Capítulo 2

A Karl-Heinz Tesselmann le gustaba pensar que era una especie de peregrino. Palabras como vagabundo, trotamundos o pelagatos le ofendían; se trataba de términos acuñados por una sociedad poco caritativa. Sus padres murieron durante el bombardeo de Berlín y, tras pasar de unos padres adoptivos a otros, se había escapado al final de la guerra. A los diecisiete años se unió a una banda ambulante de gitanos que le enseñaron los trucos más hábiles para robar, hasta que seis años después un accidente que le afectó la mano dio al traste con la que había sido una carrera muy lucrativa. Los gitanos, a los que ya no servía de nada, le expulsaron. Intentó operar por su cuenta, pero no tardaron en detenerle y, como consecuencia, a encarcelarle. Cuando le dejaron en libertad parecía que le cerraban todas las puertas en las narices. Era un presidiario. Así que, a la edad de veintiséis años, se lanzó a la carretera. Habían pasado treinta y dos años desde entonces.

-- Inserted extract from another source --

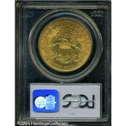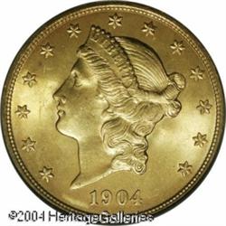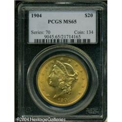 1904 $20 MS65 PCGS. A beautifully preserved aprico <B>1904 $20 MS65 PCGS.</B></I> A beautifully preserved apricot-gold Gem that possesses the bold strike and sweeping luster characteristic of the issue. While the 1904 Twenty does not appear on many dealer want lists, exemplary quality examples such as the present piece are always in demand. <BR><BR><B>Important notice:</B> Heritage usually auctions material at the rate of 200-250 lots per hour. On some occasions eBay Live bid software or the Internet may not be able to keep up with the pace of the auction. We recommend placing a realistic absentee bid now as insurance to avoid disappointment. Occasionally the auctioneer may eliminate or reject an eBay Live bid, and the auctioneer may also reopen a lot after the close of the eBay live bidding (usually because we missed an audience bid), and may reject your bid even if it shows you as the winning bidder. By bidding via eBay Live, you agree that Heritage may award the lot to another bidder at its sole discretion under the circumstances described above or any other reasonable circumstances. Since eBay bids are not shown to us until we open the lot on the floor, we treat those bids just like floor bids. In most cases the floor responds before the eBay bid is presented to us, due to Internet lag time, so for consistency we have made it a policy that floor bids are always considered first over tie eBay live bids. Also please note that all Heritage lots purchased through eBay Live carry a 20% Buyer's Premium. Please make sure you read the Terms and Conditions before you bid. This lot is being auctioned in conjunction with a live floor auction by Heritage Galleries & Auctioneers. All final auction and invoice information will be supplied by Heritage Galleries & Auctioneers, and all other information should be considered preliminary. Lot:7043

El invierno se abalanzaba a gran velocidad sobre Europa, y como siempre en esa época del año, se dirigía al sur para escapar de lo peor del invierno. Era la primera vez en catorce años que viajaba solo, pues su mejor amigo había muerto de neumonía tan sólo unas semanas antes. Si bien la esperaba, su muerte le conmocionó. Hans nunca se recuperó por completo de una tuberculosis infantil casi fatal, que le había dejado cierta propensión a las infecciones. El único recuerdo que le quedaba a Tesselmann de Hans era un abrigo descolorido de lana. El último regalo de un verdadero amigo. Contempló los pantalones de franela sucios y rotos y los zapatos marrones desgastados que se ataba con trozos de cordel, y luego buscó en el bolsillo los cigarrillos que había gorroneado en Bonn unos días antes a unos estudiantes suecos. Tuvo la esperanza, por haber escuchado las historias que circulaban sobre los adolescentes escandinavos, de que llevarían algo más fuerte que tabaco, pero quedó muy decepcionado al comprobar que se trataba de cigarrillos vulgares. Los mendigos no pueden elegir. Su sonrisa desfalleció cuando sacó la mano. Era el último cigarrillo. Calculó que le daría unas cuantas chupadas y se dio cuenta de que sólo le quedaban tres cerillas. A regañadientes, optó por guardarse el cigarrillo.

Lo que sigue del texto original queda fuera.